Rodent-Bench
Thomas Heap, Laurence Aitchison, Emma Cahill, Adriana Casado Rodriguez
TL;DR
Rodent-Bench targets the challenge of scalable, automated rodent behavioral annotation, where manual labeling is time-consuming and current Multimodal Large Language Models struggle with temporal and contextual reasoning. The authors introduce two dataset variants (Rodent-Bench-Short and Rodent-Bench-Long), a JSON-based segment-annotation task, and a multi-metric evaluation framework (second-wise accuracy, macro F1, mAP, mutual information, MCC) to systematically compare state-of-the-art MLLMs. Experiments across Gemini-2.5-Pro, Gemini-2.5-Flash, and Qwen-VL-Max reveal substantial gaps, with grooming detection being the most favorable and tasks requiring precise temporal segmentation and context integration proving particularly challenging. By providing standardized prompts, schemas, and datasets, Rodent-Bench establishes a practical foundation for advancing reliable automated behavioral annotation in neuroscience research.
Abstract
We present Rodent-Bench, a novel benchmark designed to evaluate the ability of Multimodal Large Language Models (MLLMs) to annotate rodent behaviour footage. We evaluate state-of-the-art MLLMs, including Gemini-2.5-Pro, Gemini-2.5-Flash and Qwen-VL-Max, using this benchmark and find that none of these models perform strongly enough to be used as an assistant for this task. Our benchmark encompasses diverse datasets spanning multiple behavioral paradigms including social interactions, grooming, scratching, and freezing behaviors, with videos ranging from 10 minutes to 35 minutes in length.
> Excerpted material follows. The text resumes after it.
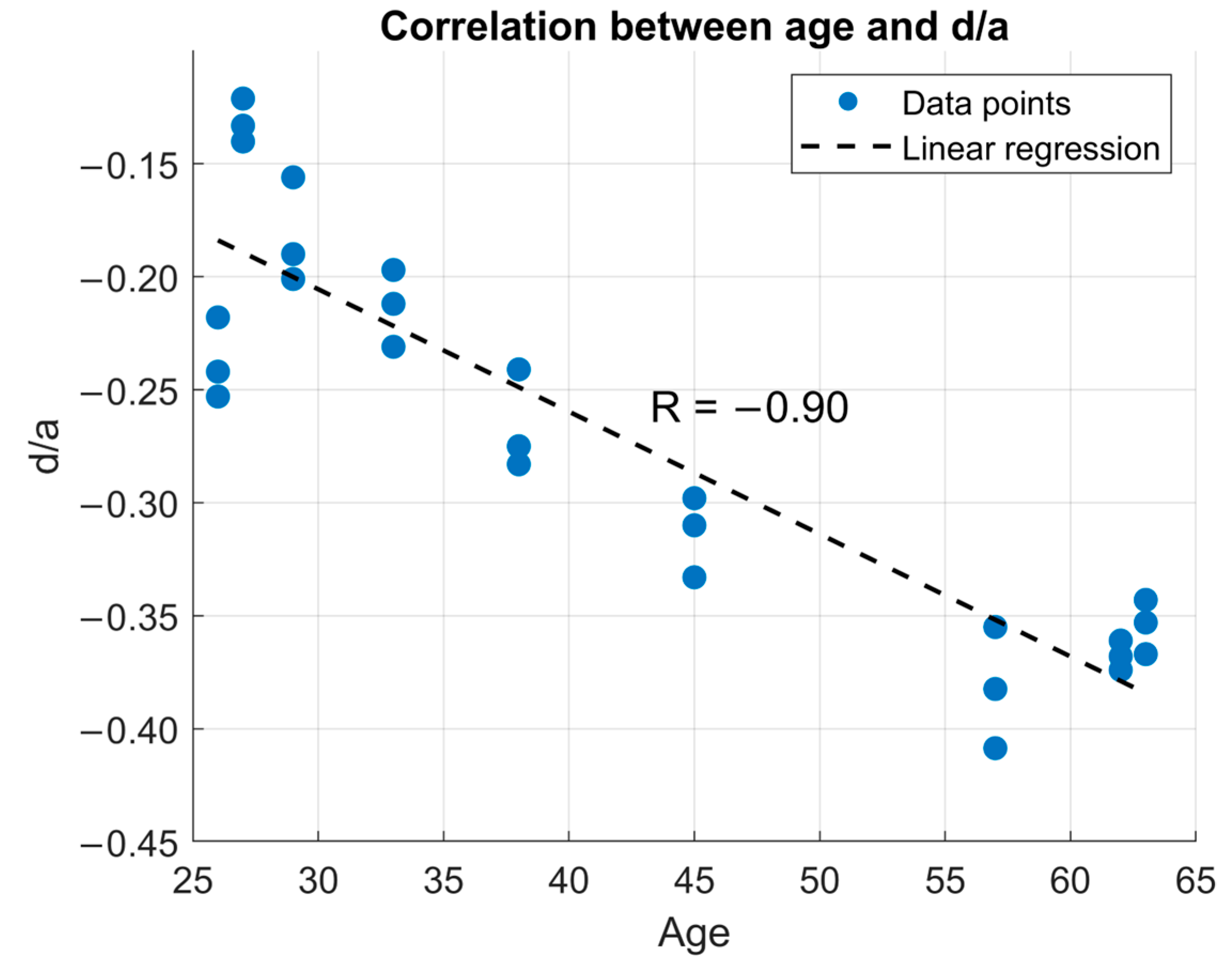 Figure 3 presents the correlation between age and the d/a ratio in the in vivo study. Participant ages ranged from 26 to 63 years, with corresponding d/a values ranging from −0.120 to −0.410. Linear regression analysis revealed a correlation coefficient of R = −0.90, confirming a strong negative correlation between age and the d/a ratio.

We provide two benchmark versions to accommodate varying model capabilities and establish standardized evaluation metrics including second-wise accuracy, macro F1, mean average precision, mutual information, and Matthew's correlation coefficient. While some models show modest performance on certain datasets (notably grooming detection), overall results reveal significant challenges in temporal segmentation, handling extended video sequences, and distinguishing subtle behavioral states. Our analysis identifies key limitations in current MLLMs for scientific video annotation and provides insights for future model development. Rodent-Bench serves as a foundation for tracking progress toward reliable automated behavioral annotation in neuroscience research.